FdI: "I cittadini dovranno fare i conti con i disagi causati dal trasferimento di un servizio fondamentale".

Nettuno – Anzio – “Mentre imperversa la campagna elettorale tra ‘i faremo ed i vedremo’, nessuno degli attuali amministratori in carica si interessa, come al solito, dei problemi concreti dei cittadini e del rischio, che noi abbiamo già attenzionato con diversi interventi, di disservizi e ritardi conseguenti alla chiusura del laboratorio analisi del nosocomio che serve Anzio e Nettuno”. Dichiara in una nota Chiara di Fede, portavoce di Città Futura Anzio.

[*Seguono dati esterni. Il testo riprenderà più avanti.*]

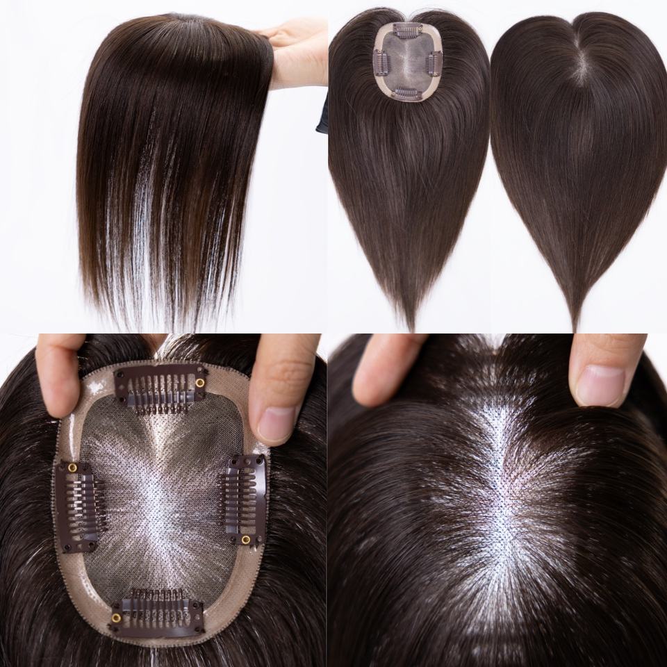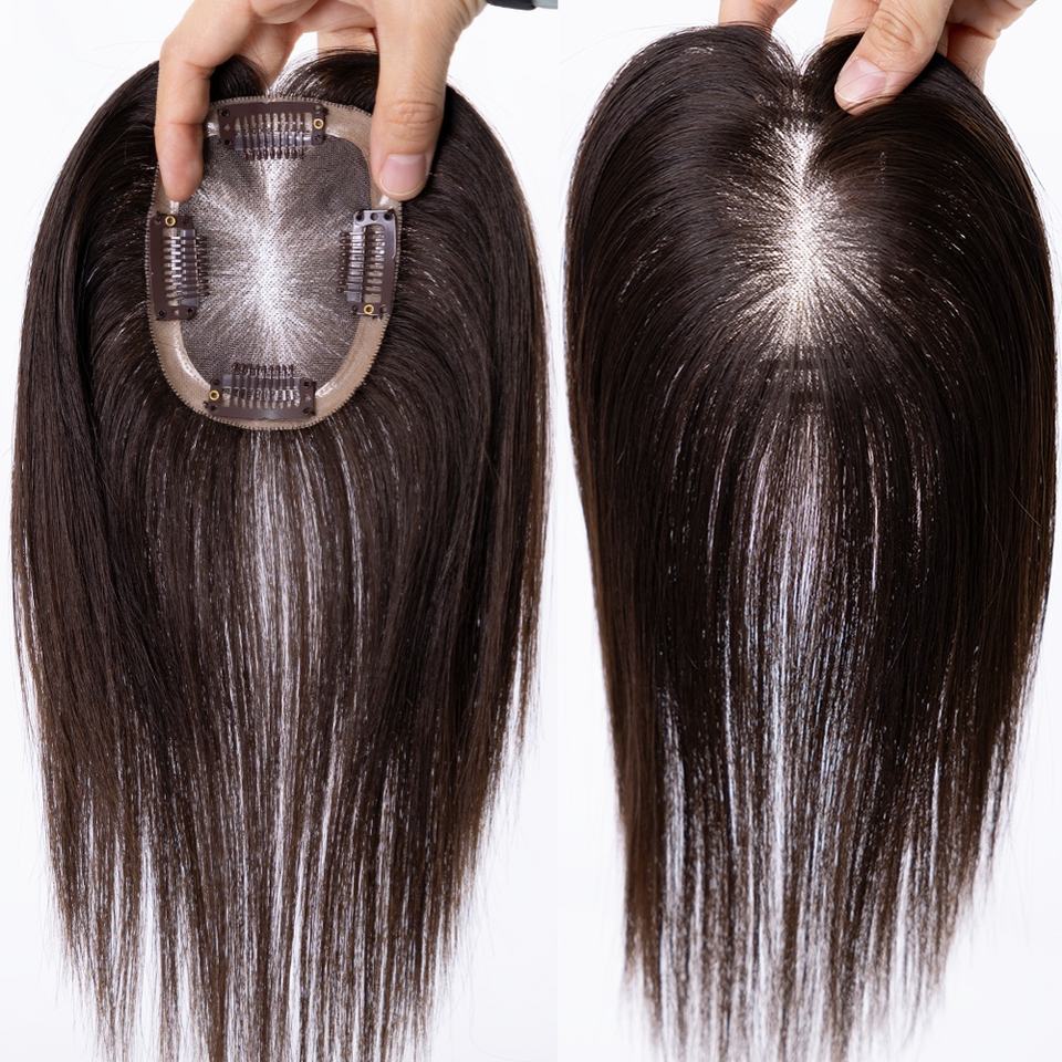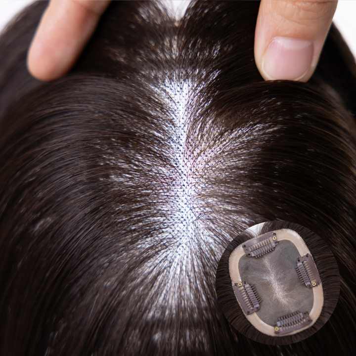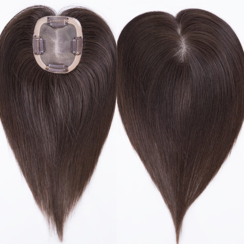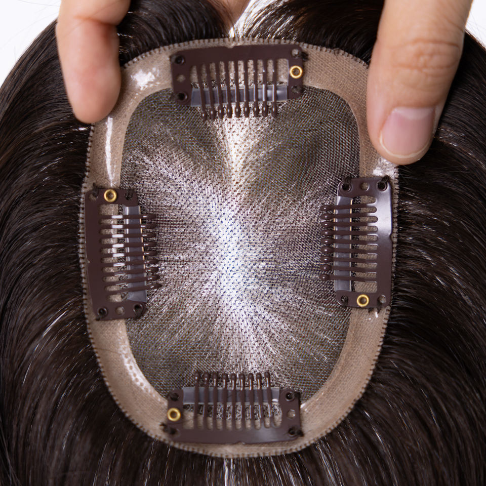 ท็อปเปอร์ผมแบบคลิปหนีบขนาด 3x4 นิ้ว แบบโมโน สำหรับปิดผมบาง/ไรผม มองไม่เห็นรอยต่อ สีน้ำตาลเข้มธรรมชาติ ใช้งานง่ายทุกวัน ผสมผสานกับเส้นผมได้ดี ฐานไหม แบบยุโรป

“Nonostante le rassicurazioni dei sindaci – prosegue di Fede – il dato di fatto prevedibile, conseguente alla chiusura del laboratorio, è che il centro analisi di Latina dovrà effettuare le analisi dei campioni dei pazienti del nostro litorale e non solo, con tempi chiaramente più lunghi e quindi disagi agli utenti. Il rischio è un sovraccarico di lavoro e nessuna garanzia per i refererti più urgenti”.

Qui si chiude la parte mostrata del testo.